Т
Т
Тарле Евгения Викторовича[0] видел я раза три в моей жизни. Он успел уже замкнуться в условные формы: академик, большой ученый. Так, вероятно, принимали при дворе. От всего, что он говорил, веяло ледяным холодом чистой формы. Впрочем, исходило это не от сознания своего величия, а от смертельного страха. Он был в свое время арестован и приговорен к смерти, а потом освобожден. И жил в поле зрения того, от которого зависели и честь, и позор, и жизнь, и казнь. Был он, казалось, милостив сегодня, но что ждет тебя завтра за одно слово, за одну букву?

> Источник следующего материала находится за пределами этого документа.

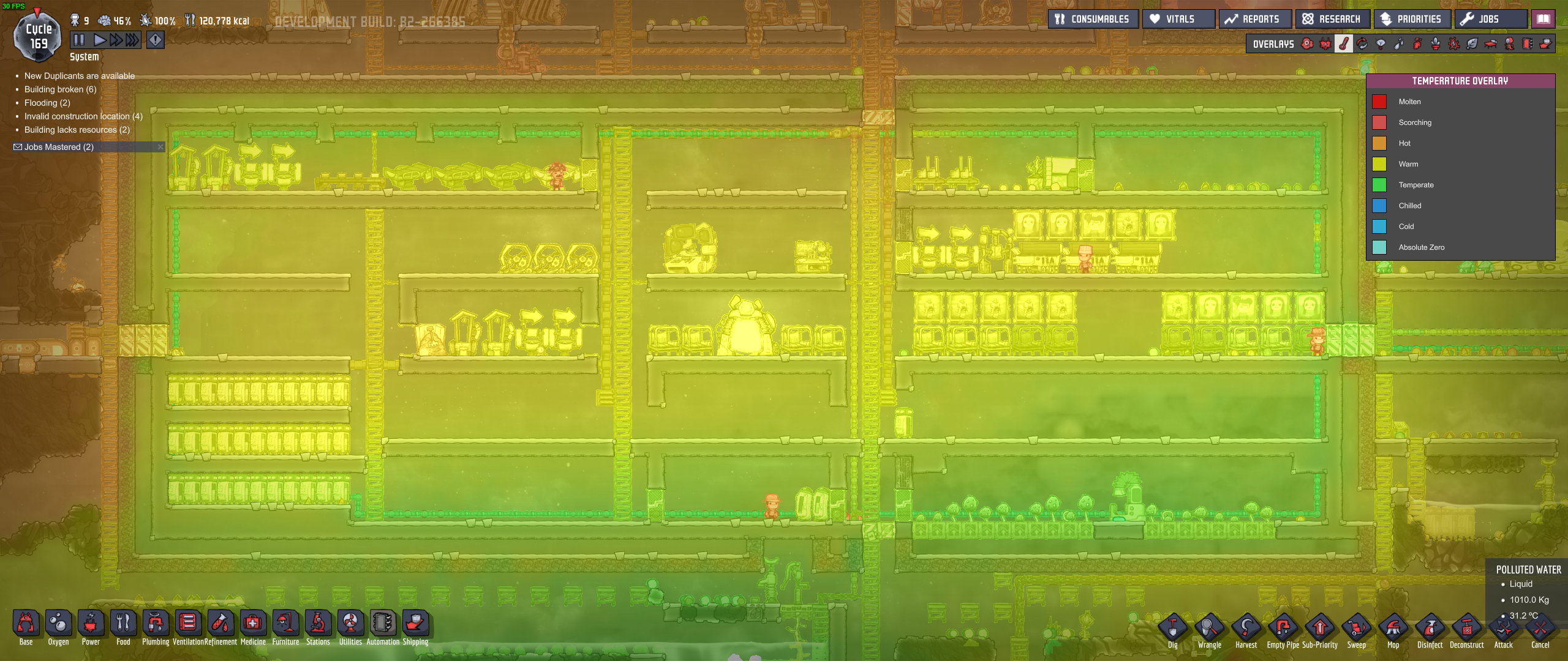 onebit Posted May 2, 2018 Author Share Posted May 2, 2018 I learned that lesson in in my last play through. I left everything open air and around cycle 150 everything went to hell. This time I went for a clear delineation between inside and outside. The electric grills (one in use at a time) and massage tables are the only interior heat producers. Besides liquid based sanitation and some bristle blossoms that's all I'll put inside. I'm deciding between vacuum sealing the walls or pumping in chlorine and installing some wheezeworts on the left side. @TheScaryOne It seems pretty open to me. What did you want to put in there? Link to comment https://forums.kleientertainment.com/forums/topic/90421-insulated-fortress/#findComment-1032012 Share on other sites More sharing options...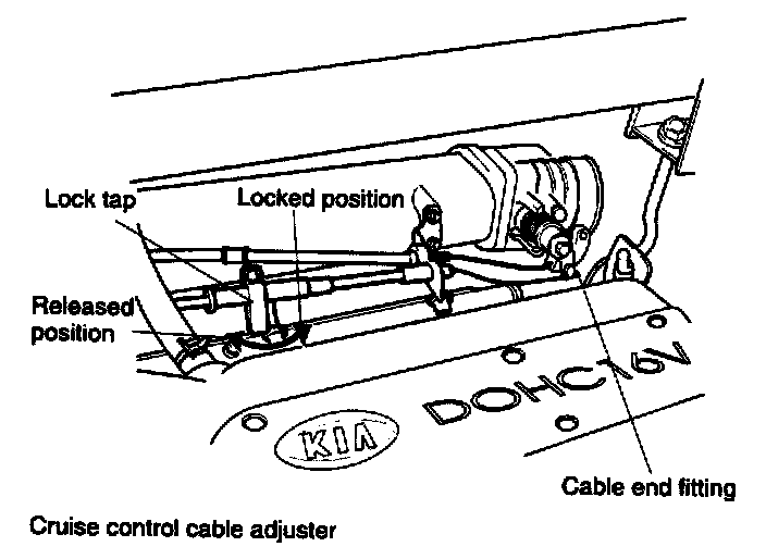 2. Push down cruise cable adjuster lock button until cruise cable adjuster snaps and locks into place.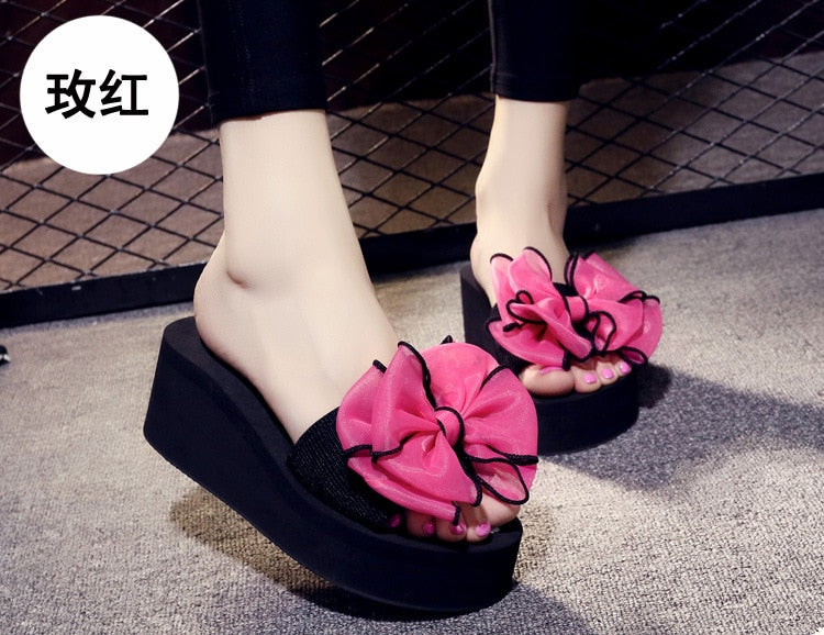 Women Bow Summer Sandals Slipper Indoor Outdoor Beach Shoes summer women's shoes flip flops on the platform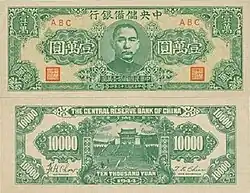 Banknotes issued by the Central Reserve Bank bear a portrait of Sun Yat-sen, as did the earlier notes issued by the Central Bank of the Republic of China under Chiang Kai-shek.[6]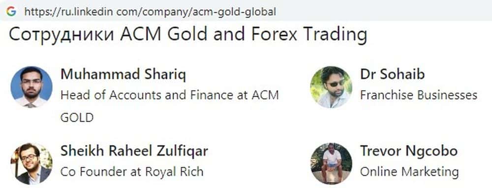 Создатели лохотрона АСМ Голд, согласно Википедии - Ирфан Пардези и Хина Кассам. Начало конторе было положено не в Африке, а в Великобритании. На данный момент в проекте задействовано около 50 человек. По данным сервиса Линкедин, первоначальный скам-проект разделился на два филиала. Конторой ACM Gold на данный момент руководят:
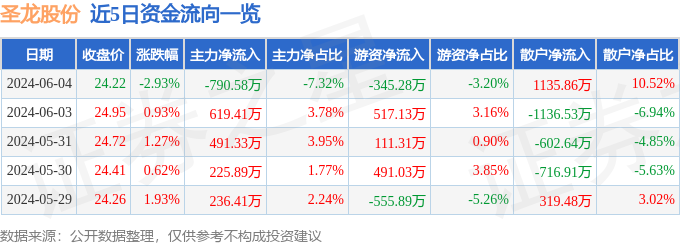 股票行情快报:圣龙股份(603178)6月4日主力资金净卖出790.58万元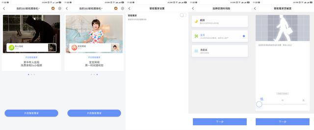 连接后会要求使用者作出一些设置,包括有摄像时智能设置、侦测时间段设置、智能侦查灵敏度设置等。

Я узнал его благодаря знакомству своему с Богдановичами. Тарле с незапамятных времен, еще до революции, был влюблен в Татьяну Александровну. Я был тронут, когда она, седая, бабушка уже, сказала как?то с удовольствием и гордостью: «Ох, достанется мне от Евгения Викторовича за то, что вышла я в такую гололедицу». Незадолго до этого Татьяна Александровна упала на улице и повредила руку. Году в 49–м или в 50 — в Союзе писателей состоялся вечер памяти Татьяны Александровны. И академик Тарле выступил с докладом. Скованный и замороженный, говорил он об одном: о патриотизме покойной. Ни редакции «Русского богатства», где они встретились, ни долгой и сложной жизни, ни привязанностей: патриотизм и все. Как радовалась Татьяна Александровна, уже больная, умирающая, победам русского оружия. Верю. И не могло быть иначе. Но ведь качество радости ее было особое. А в докладе несчастного, трагически замерзшего академика не отличить- ее было от генерала Богдановича[1].
15 июня
Я его ни в чем не обвиняю. Рассказываю только, во что может превратиться человек возле черного пламени и возле абсолютного нуля административных высот.
Театр комедии[0] — существо строптивое, грешное, путаное, то доброе, то свирепое, то справедливое, то деспотическое. После паралича — Акимов уходил на семь лет[1] — еще не может прийти в себя. И Акимов сам пребывает в судорожной жажде деятельности после вынужденной неподвижности. Старые актеры — на местах. Но развратились от множества неудач. Работают старыми приемами и утратив веру в себя. Я очень любил театр, пока мы жили в эвакуации. Был связан с ним так, что знал каждого его работника очень близко. Но время разделило нас, и сейчас, подойдя к нему поближе, я со страхом заметил, что во многих своих звеньях он омертвел. Окостенел. Молодых в труппе не прибавилось, а старшие, не имея столько лет почвы, все питались и питались от корней, пока не привыкли, что это и есть питание. Все то же и то же у Суханова, у Ускова[2] и Бениаминова[3]. Трофимов[4] зол, будто карлик, и это погубит его. И я не в силах забыть, как Трофимов произносил речи об акимовщине семь лет назад, а теперь не сводит глаз с начальника, ест почтительно глазами все того же Акимова. Большой драматический театр не организм и Александринка не личность, а Театр комедии — живое существо, которое можно любить и не любить в разные времена. И сейчас я испытываю против него смутное раздражение. И виною этому — последний спектакль, прошедший словно бы с успехом, а вместе с тем сыгранный окостеневшими шутниками, которым невесело[5]. Был успех, который мог бы быть куда более полноценным. Был банкет, на котором было ужасно невесело. И забулдыга — мученик Эраст Гарин, посетивший меня позавчера, показался мне куда более удачливым и существующим на свете, чем мой друг, помертвевший, но сладострастный Театр комедии. Впрочем, это отношение к театру у меня пройдет, надеюсь.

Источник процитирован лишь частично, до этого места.